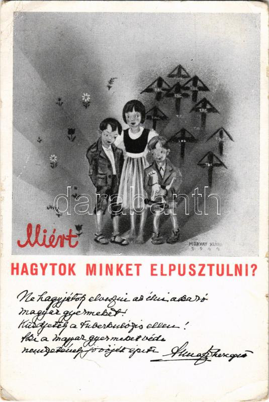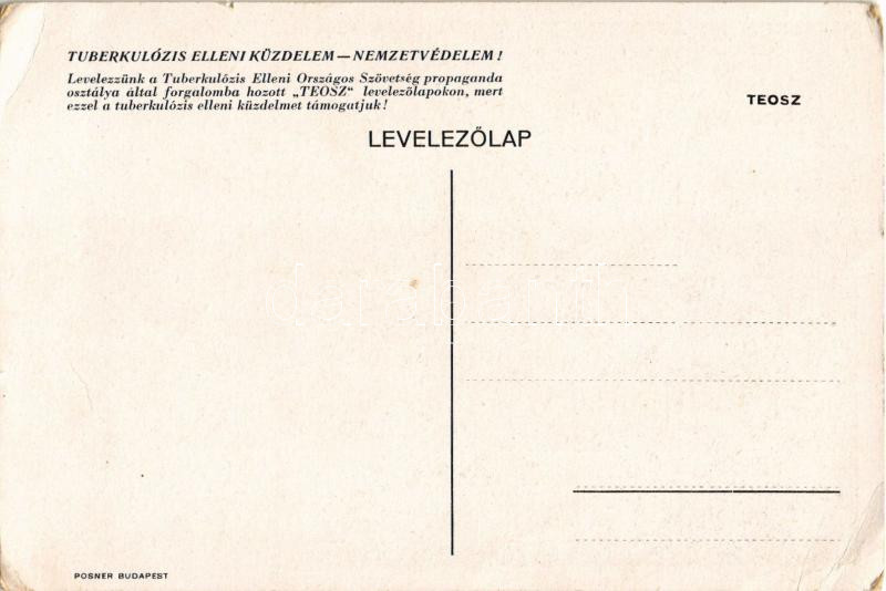 Miért hagytok minket elpusztulni? - Tuberkulózis elleni küzdelem - nemzetvédelem! Levelezzünk a Tuberkulózis Elleni Országos Szövetség propaganda osztálya által forgaloma hozott "TEOSZ" levelezőlapokon, mert ezzel a tuberkulózis elleni küzdelmet támohgatjuk! / Hungarian propaganda, national organization's charity fund for the fight against tuberculosis s: Morvay Klára (EB)
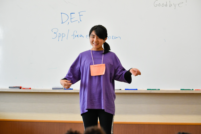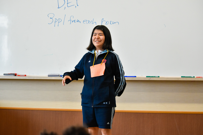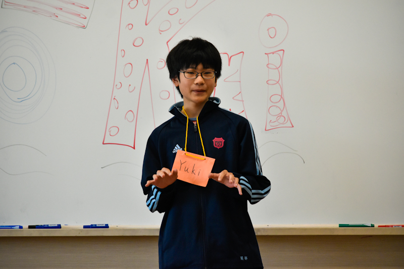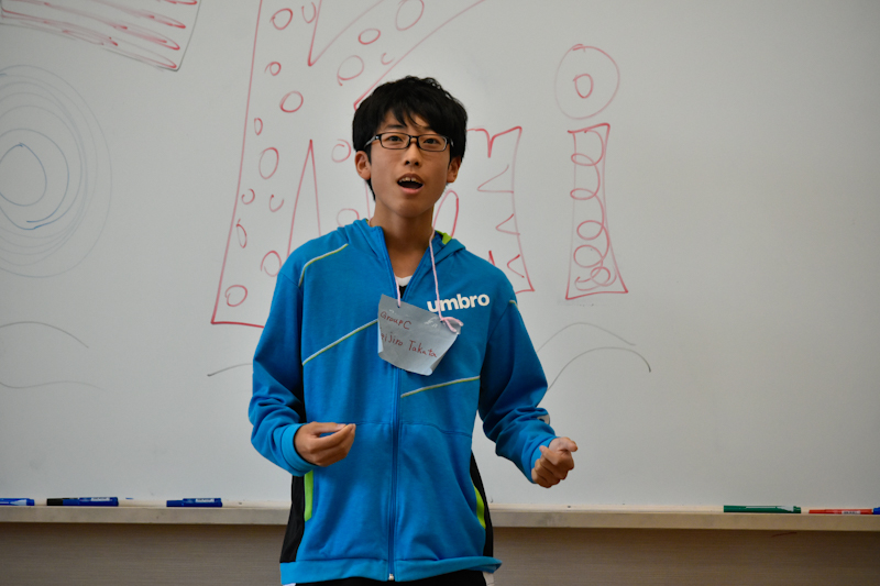 自己紹介をして、ネームカード作ったあと、グループ名を決めて各班で発表もしました。
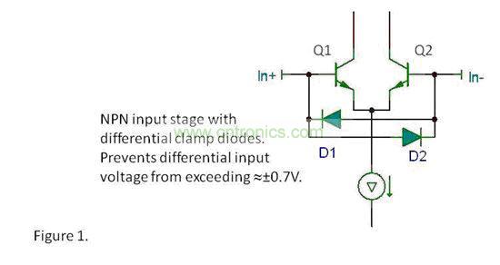 許多運(yùn)算放大器都在輸入端之間有電壓鉗位,其大多數(shù)一般都使用背靠背二極管(有時(shí)使用兩個(gè)或者更多的串聯(lián)二極管)來實(shí)施。這些二極管保護(hù)輸入晶體管免受其基極結(jié)點(diǎn)反向擊穿的損害。差動(dòng)輸入為約6V 時(shí)便會(huì)出現(xiàn)許多IC 工藝擊穿,這會(huì)極大地改變或者損壞晶體管。下圖顯示了NPN 輸入級(jí),D1 和D2 提供了這種保護(hù)功能。
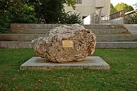 Ce bloc, disposé sur une pelouse en terrasse devant le bâtiment mercator, porte une plaque dorée affichant :
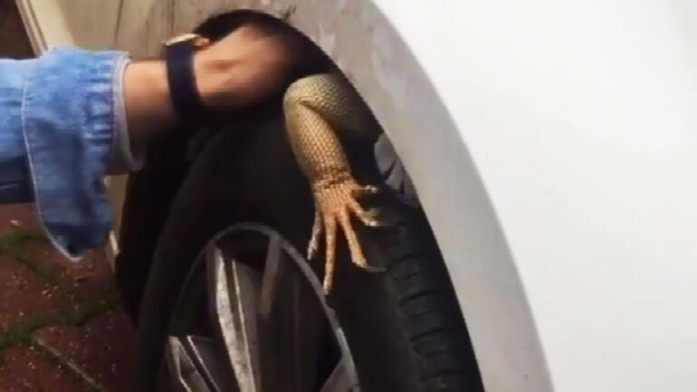 İguana uzun uğraş sonrası aracın ön lastiğinden çıkarılırken, görüntü "Lara'da milletin arabasının altına kedi kaçar, bizimkilere iguana kaçıyor abi" notu ile sosyal medyada paylaşıldı.
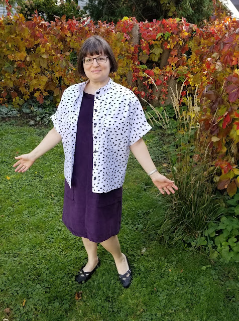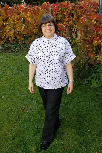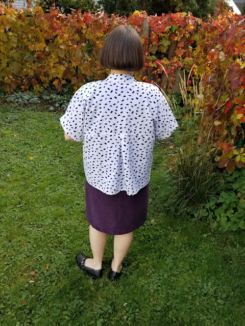 This is an easy pattern and didn’t require many adjustments or fancy sewing. The plackets are folded over, the collar has an interesting method of attachment, the opposite of what I’m used to, attaching it to the inside and flipping it out to topstitch from the right side. There’s also a nice low, curved back seam and pleat on the lower half of the back. Because of this extra ease, you don’t need to grade between sizes even if you usually do, there’s plenty of room as drafted. I’d usually do an X/Y or even a W/Y blend on some Jalies but this one was perfect as it was.
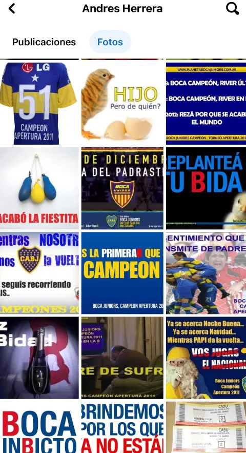 Las publicaciones en la cuenta de Facebook de Andrés Herrera datan de principios de década pasada, entre 2010 y 2014, incluyendo la época en la que River transitaba el peor momento de su historia tras el descenso en la promoción del 2011.
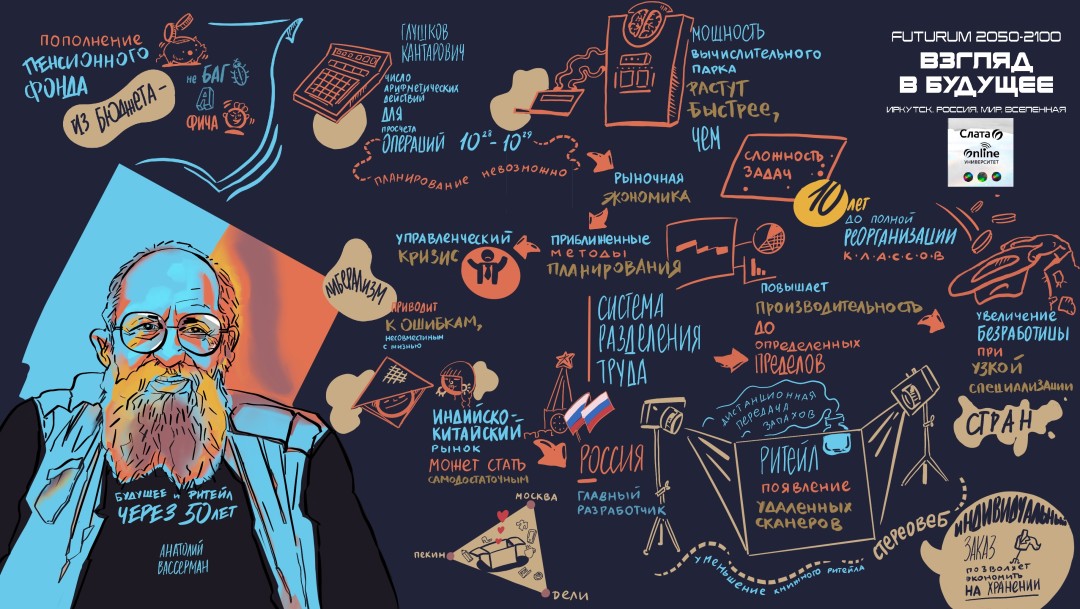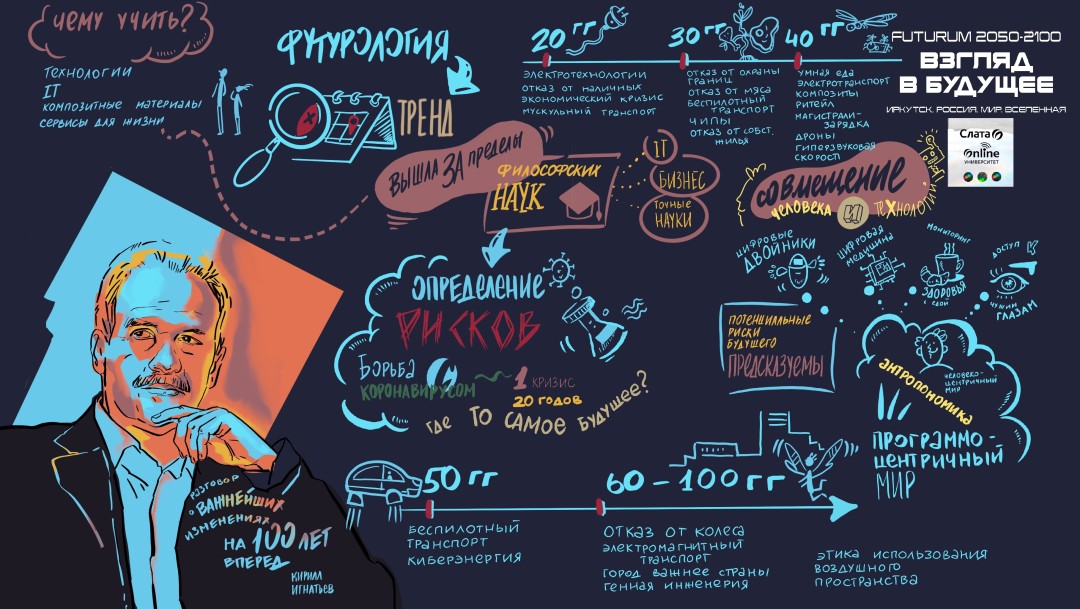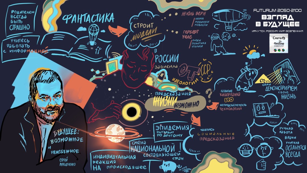 Футурологическая конференция «Futurum 2050–2100. Взгляд в будущее: Иркутск. Россия. Мир. Вселенная» состоялась в онлайн-формате в пятницу. Семь известных спикеров: российские футурологи, писатель-фантаст, журналисты, философы, художники – выступили перед 350 сотрудниками сети «Слата» из Иркутска, Красноярска, Хабаровска, Читы, Братска, Москвы, Варшавы.

> _Task_:
Write out the material above precisely, leaving each picture behind.

> _Solution for this problem_:
 Miért hagytok minket elpusztulni? - Tuberkulózis elleni küzdelem - nemzetvédelem! Levelezzünk a Tuberkulózis Elleni Országos Szövetség propaganda osztálya által forgaloma hozott "TEOSZ" levelezőlapokon, mert ezzel a tuberkulózis elleni küzdelmet támohgatjuk! / Hungarian propaganda, national organization's charity fund for the fight against tuberculosis s: Morvay Klára (EB)
 自己紹介をして、ネームカード作ったあと、グループ名を決めて各班で発表もしました。
 許多運(yùn)算放大器都在輸入端之間有電壓鉗位,其大多數(shù)一般都使用背靠背二極管(有時(shí)使用兩個(gè)或者更多的串聯(lián)二極管)來實(shí)施。這些二極管保護(hù)輸入晶體管免受其基極結(jié)點(diǎn)反向擊穿的損害。差動(dòng)輸入為約6V 時(shí)便會(huì)出現(xiàn)許多IC 工藝擊穿,這會(huì)極大地改變或者損壞晶體管。下圖顯示了NPN 輸入級(jí),D1 和D2 提供了這種保護(hù)功能。
 Ce bloc, disposé sur une pelouse en terrasse devant le bâtiment mercator, porte une plaque dorée affichant :
 İguana uzun uğraş sonrası aracın ön lastiğinden çıkarılırken, görüntü "Lara'da milletin arabasının altına kedi kaçar, bizimkilere iguana kaçıyor abi" notu ile sosyal medyada paylaşıldı.
 This is an easy pattern and didn’t require many adjustments or fancy sewing. The plackets are folded over, the collar has an interesting method of attachment, the opposite of what I’m used to, attaching it to the inside and flipping it out to topstitch from the right side. There’s also a nice low, curved back seam and pleat on the lower half of the back. Because of this extra ease, you don’t need to grade between sizes even if you usually do, there’s plenty of room as drafted. I’d usually do an X/Y or even a W/Y blend on some Jalies but this one was perfect as it was.
 Las publicaciones en la cuenta de Facebook de Andrés Herrera datan de principios de década pasada, entre 2010 y 2014, incluyendo la época en la que River transitaba el peor momento de su historia tras el descenso en la promoción del 2011.
 Футурологическая конференция «Futurum 2050–2100. Взгляд в будущее: Иркутск. Россия. Мир. Вселенная» состоялась в онлайн-формате в пятницу. Семь известных спикеров: российские футурологи, писатель-фантаст, журналисты, философы, художники – выступили перед 350 сотрудниками сети «Слата» из Иркутска, Красноярска, Хабаровска, Читы, Братска, Москвы, Варшавы.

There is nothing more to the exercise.